▶ **Stored dataset items**:
== == ==

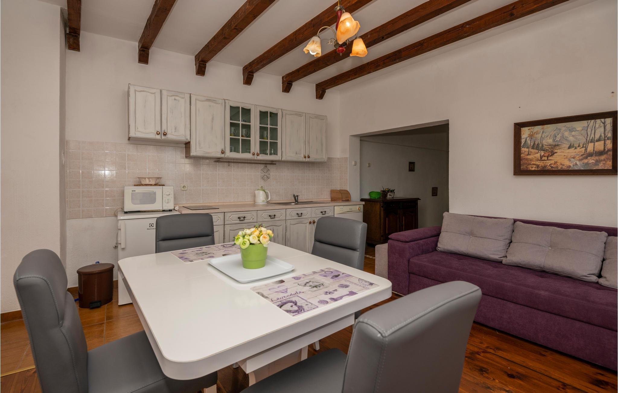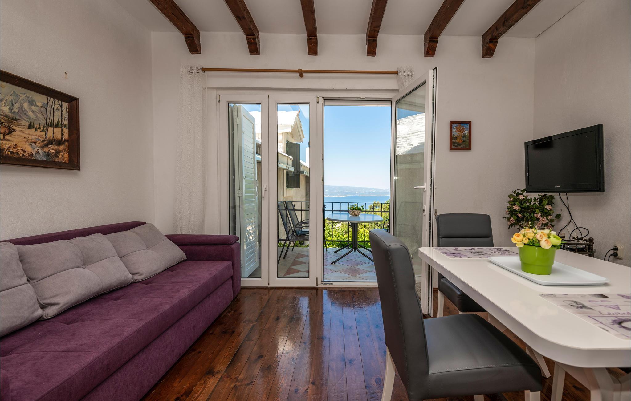 Huset ligger i en dalmatisk landsby på Makarska Riviera, ca. 350 m over havets overflade og ved foden af ??Monte Biokovo naturpark. Det består af to boligenheder på første og anden sal, der er forbundet via en intern trappe. Fra anden sal er der en terrasse med havudsigt, hvor I kan nyde solen og den friske luft. Huset er enkelt indrettet og holdes i original stil. I stueetagen med separat indgang er der et lille køkken med grill til sociale sammenkomster.
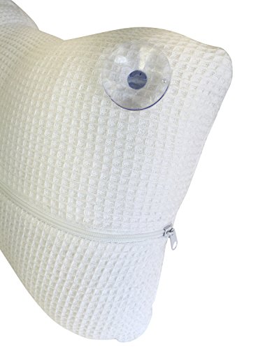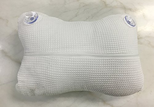 Studio : Clover Spa Publisher : Clover Spa Product Description The ultimate bathing accessory, this Soft Cloth Bath Pillow features a cotton blend waffle texture fabric with two strong suction cups that attach to your bathtub to enhance relaxation. Cover is removable and washable. Measures approximately 13.7" x 9.8". Comes packaged with a wrap around. 0
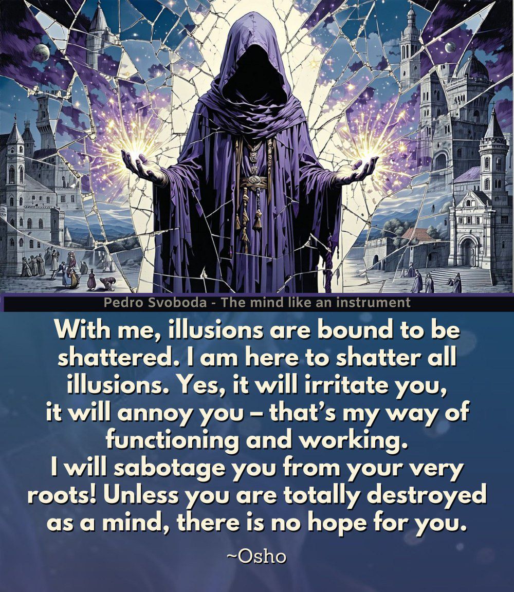 With me, illusions are bound to be shattered. I am here to shatter all illusions. Yes, it will irritate you, it will annoy you – that’s my way of functioning and working. I will sabotage you from your very roots! Unless you are totally destroyed as a mind, there is no hope for you.
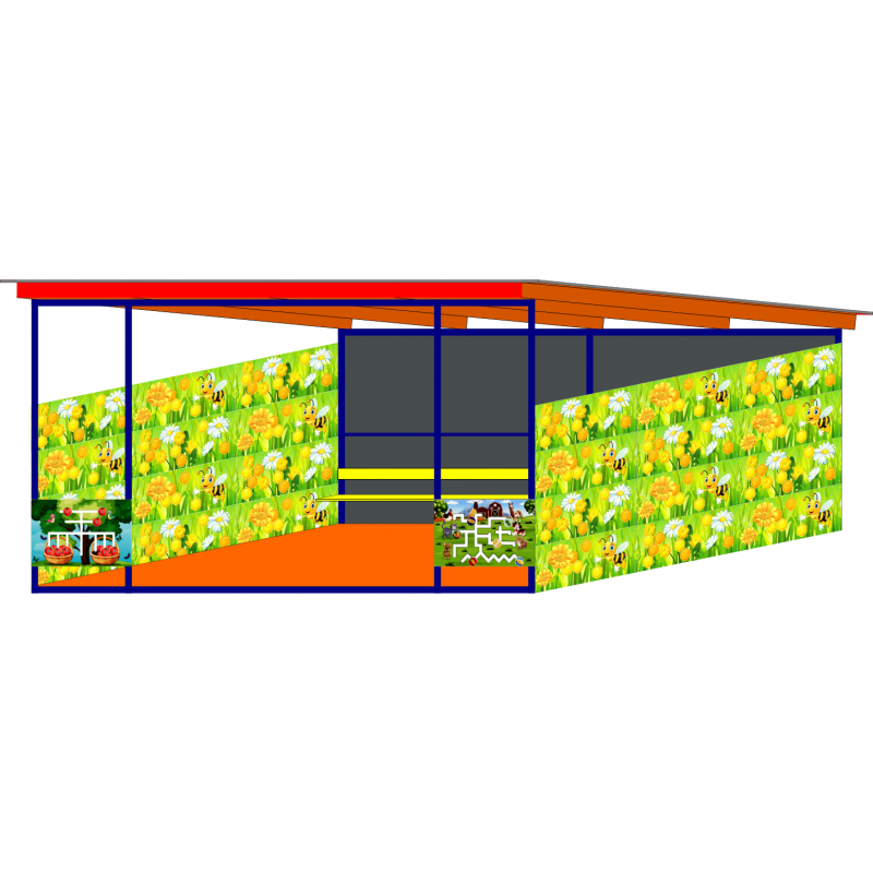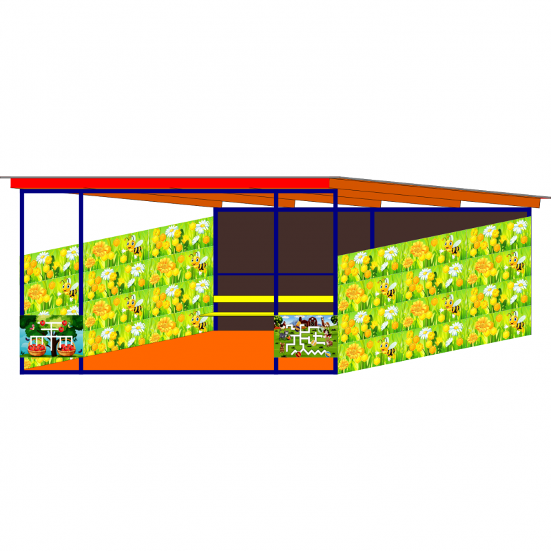 Боковые стены выполнены из влагостойкой фанеры толщиной 18 мм марки ФСФ, с нанесением стилизованного изображения с применением ултрафиолетовой печати, высота стен 1920 мм.
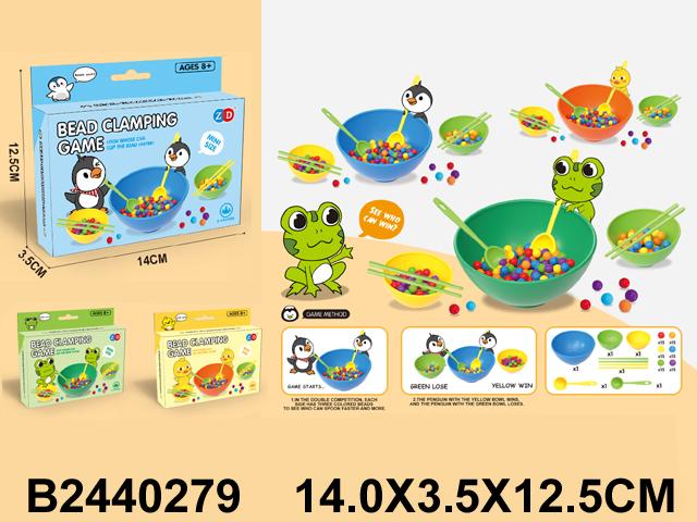 Настольная игра bead clamping game — это динамичное развлечение для детей, которое помогает развивать мелкую моторику, координацию движений и скорость реакции. Формат соревновательной игры делает процесс особенно захватывающим: участники стараются быстрее соперников перенести шарики в свою миску с помощью ложек или палочек.

== == ==

▶ **WHAT TO WORK ON**:
Could you copy, exactly and with no pictures, each line from the first one above to the line holding "Боковые стены выполнены"?

▶ **ANSWER BOX**:
 Huset ligger i en dalmatisk landsby på Makarska Riviera, ca. 350 m over havets overflade og ved foden af ??Monte Biokovo naturpark. Det består af to boligenheder på første og anden sal, der er forbundet via en intern trappe. Fra anden sal er der en terrasse med havudsigt, hvor I kan nyde solen og den friske luft. Huset er enkelt indrettet og holdes i original stil. I stueetagen med separat indgang er der et lille køkken med grill til sociale sammenkomster.
 Studio : Clover Spa Publisher : Clover Spa Product Description The ultimate bathing accessory, this Soft Cloth Bath Pillow features a cotton blend waffle texture fabric with two strong suction cups that attach to your bathtub to enhance relaxation. Cover is removable and washable. Measures approximately 13.7" x 9.8". Comes packaged with a wrap around. 0
 With me, illusions are bound to be shattered. I am here to shatter all illusions. Yes, it will irritate you, it will annoy you – that’s my way of functioning and working. I will sabotage you from your very roots! Unless you are totally destroyed as a mind, there is no hope for you.
 Боковые стены выполнены из влагостойкой фанеры толщиной 18 мм марки ФСФ, с нанесением стилизованного изображения с применением ултрафиолетовой печати, высота стен 1920 мм.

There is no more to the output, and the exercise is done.